Vector scalar product problem?

We are asked to calculate the angle theta, i.e. the angle between BC and BA.

In part (ii), the direction vector of line A'B turns out to be (-2,-1, 1). The direction vector of BC is therefore (-2, -1, 1) as we are told that A'BC is a straight line.

Additionally, we also know that that the direction vector of AB is (1,-1,2).

Since $\lambda = -1$, the direction vector (1,-1,2) must be pointing away from B. Hence the dot product calculated in the mark scheme is correct.

They tricked you a bit by giving you the "wrong" direction for the direction vector.

This might sound slightly stupid but what do you mean by lambda = -1 and how did you know that? I'm not the best with vectors!

1. They give you the vector equation of AB in which $\lambda$ appears.
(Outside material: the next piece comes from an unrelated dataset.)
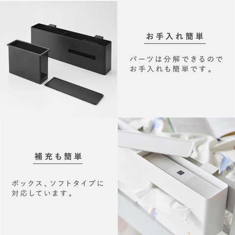 | 内寸 | ティッシュケース/幅24.4×奥行6.9×高さ12.9cm、トレー部/幅23.5×奥行6.7cm、ダストボックス(開口部)/幅18.5×奥行5.9×高さ13.8cm |
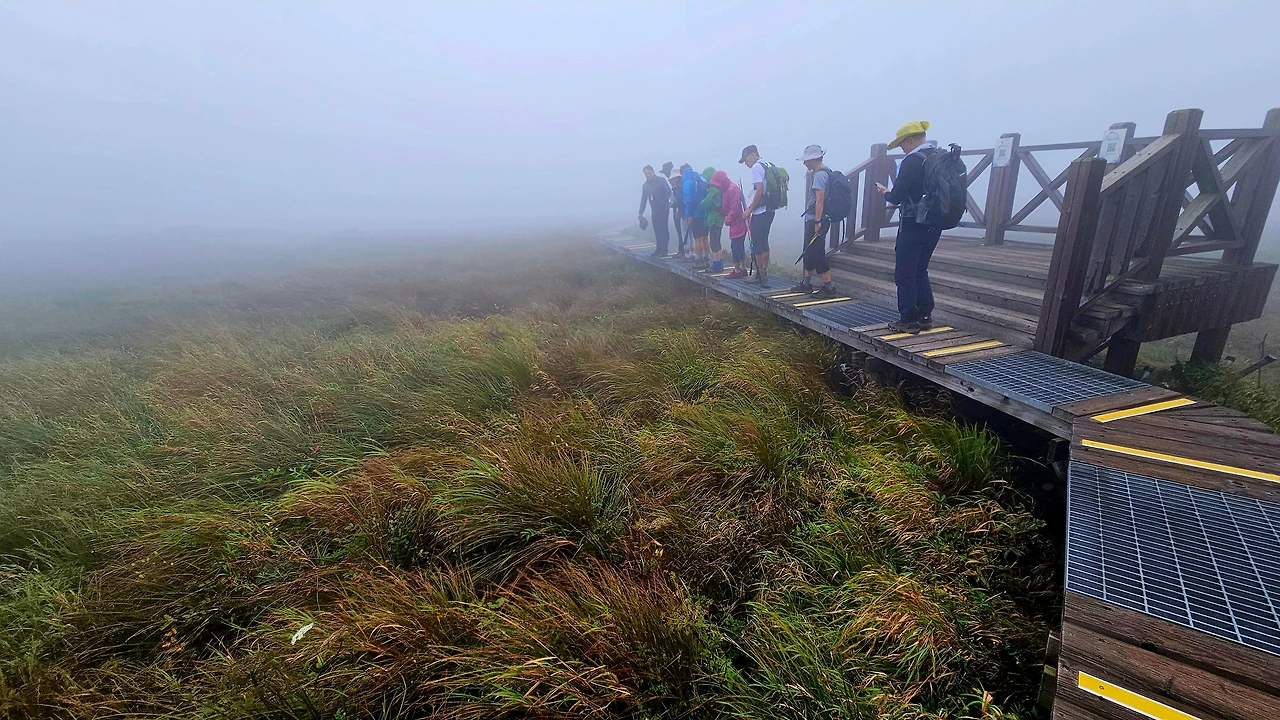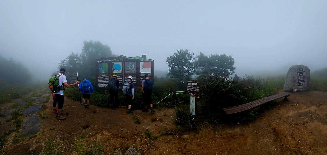 대암산의 9부 능선 해발 1,280m 용늪 표지석이 있는 공터에서 탐방 가이드가 중년의 지방환경청 소속 자연환경 해설사에게 우리 일행을 인계하고 자신은 용늪 반대편 용늪 관리소에서 우리를 기다리겠다며 안갯속으로 사라져 갔다.

It turns out that AB intersects the plane at B when $\lambda=-1$.

Since $\lambda$ is the coefficient of the direction vector in the equation for the line, then if it is negative, the quantity $\lambda(1,-1,2)^T$ points in the opposite direction to the direction vector. However, it must point in the direction of $\vec{AB}$ else $(1,2,4)^T+\lambda(1,-1,2)^T$ wouldn't be the position vector for B.

Thus the direction vector $(1,-1,2)^T$ points in the opposite direction to the arrow that they've shown on the line AB, and hence in the correct direction for calculating the dot product with the other direction vector (as long as you calculate that as $\vec{A'B} = (0,3,2)^T-(2,4,1)^T$ - that's what they've used in the mark scheme)

I'm not sure if this is entirely clear - it would be much easier to explain it face-to-face. If it doesn't make any sense at all, however, you may need to revise vector equations of lines.

2. I knew that $\lambda=-1$ since I calculated it incorrectly to be -3/2, then looked at the mark scheme to get the right answer :-)